→ About this task: Only the text carries over: repeat the records exactly and drop the images.

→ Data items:
%%

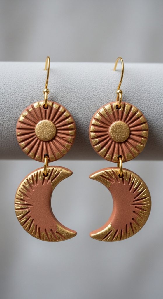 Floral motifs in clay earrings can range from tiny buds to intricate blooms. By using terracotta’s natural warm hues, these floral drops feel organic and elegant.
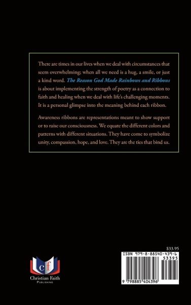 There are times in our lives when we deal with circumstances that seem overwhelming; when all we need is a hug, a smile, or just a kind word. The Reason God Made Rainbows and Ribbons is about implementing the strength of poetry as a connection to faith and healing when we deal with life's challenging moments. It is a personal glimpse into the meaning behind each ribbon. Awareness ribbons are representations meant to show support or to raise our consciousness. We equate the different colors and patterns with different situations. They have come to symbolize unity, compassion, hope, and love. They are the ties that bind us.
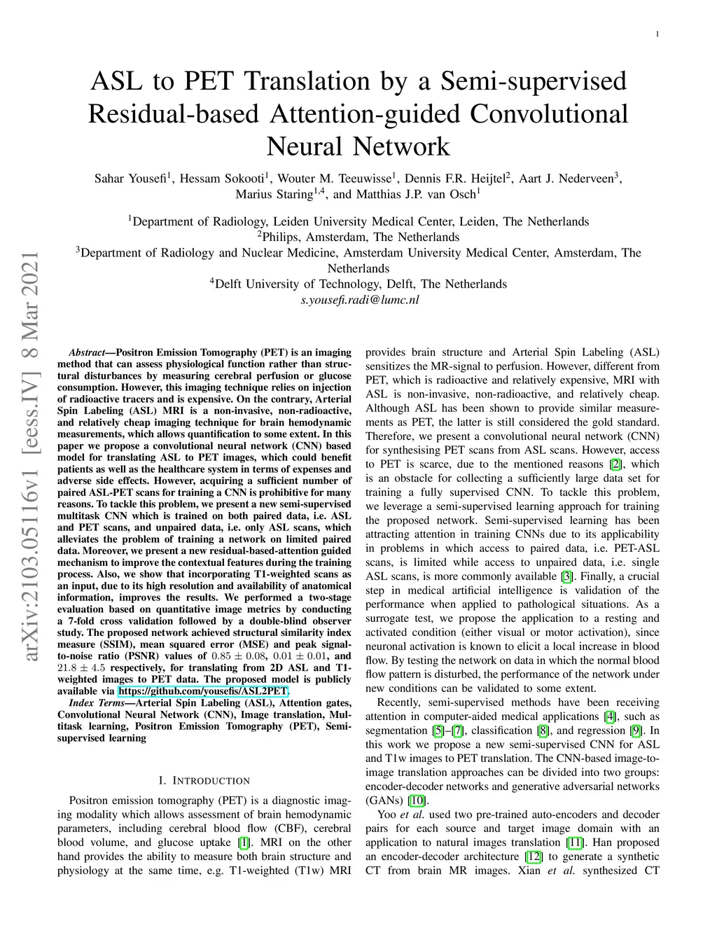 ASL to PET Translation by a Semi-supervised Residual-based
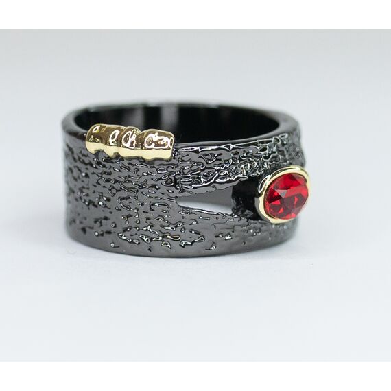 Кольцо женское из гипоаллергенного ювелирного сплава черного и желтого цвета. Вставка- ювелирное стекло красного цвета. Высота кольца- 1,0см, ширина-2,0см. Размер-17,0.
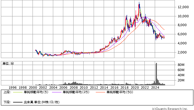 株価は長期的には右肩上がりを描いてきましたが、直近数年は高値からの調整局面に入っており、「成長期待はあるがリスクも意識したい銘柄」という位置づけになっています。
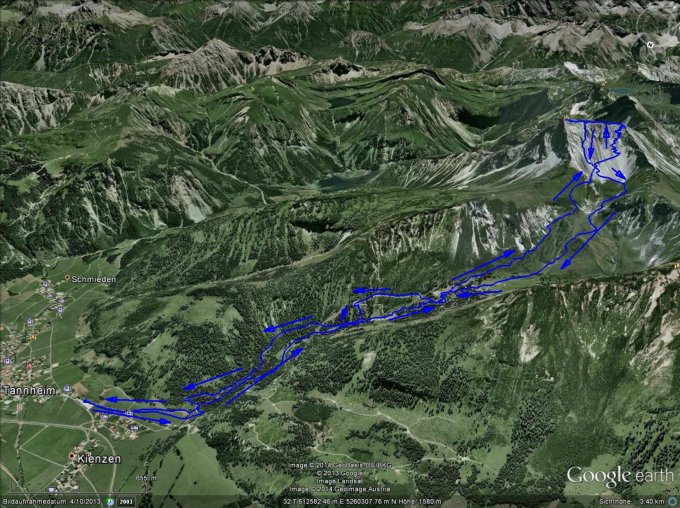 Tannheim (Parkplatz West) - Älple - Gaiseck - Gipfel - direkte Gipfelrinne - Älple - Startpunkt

%%

→ Solution below:
 Floral motifs in clay earrings can range from tiny buds to intricate blooms. By using terracotta’s natural warm hues, these floral drops feel organic and elegant.
 There are times in our lives when we deal with circumstances that seem overwhelming; when all we need is a hug, a smile, or just a kind word. The Reason God Made Rainbows and Ribbons is about implementing the strength of poetry as a connection to faith and healing when we deal with life's challenging moments. It is a personal glimpse into the meaning behind each ribbon. Awareness ribbons are representations meant to show support or to raise our consciousness. We equate the different colors and patterns with different situations. They have come to symbolize unity, compassion, hope, and love. They are the ties that bind us.
 ASL to PET Translation by a Semi-supervised Residual-based
 Кольцо женское из гипоаллергенного ювелирного сплава черного и желтого цвета. Вставка- ювелирное стекло красного цвета. Высота кольца- 1,0см, ширина-2,0см. Размер-17,0.
 株価は長期的には右肩上がりを描いてきましたが、直近数年は高値からの調整局面に入っており、「成長期待はあるがリスクも意識したい銘柄」という位置づけになっています。
 Tannheim (Parkplatz West) - Älple - Gaiseck - Gipfel - direkte Gipfelrinne - Älple - Startpunkt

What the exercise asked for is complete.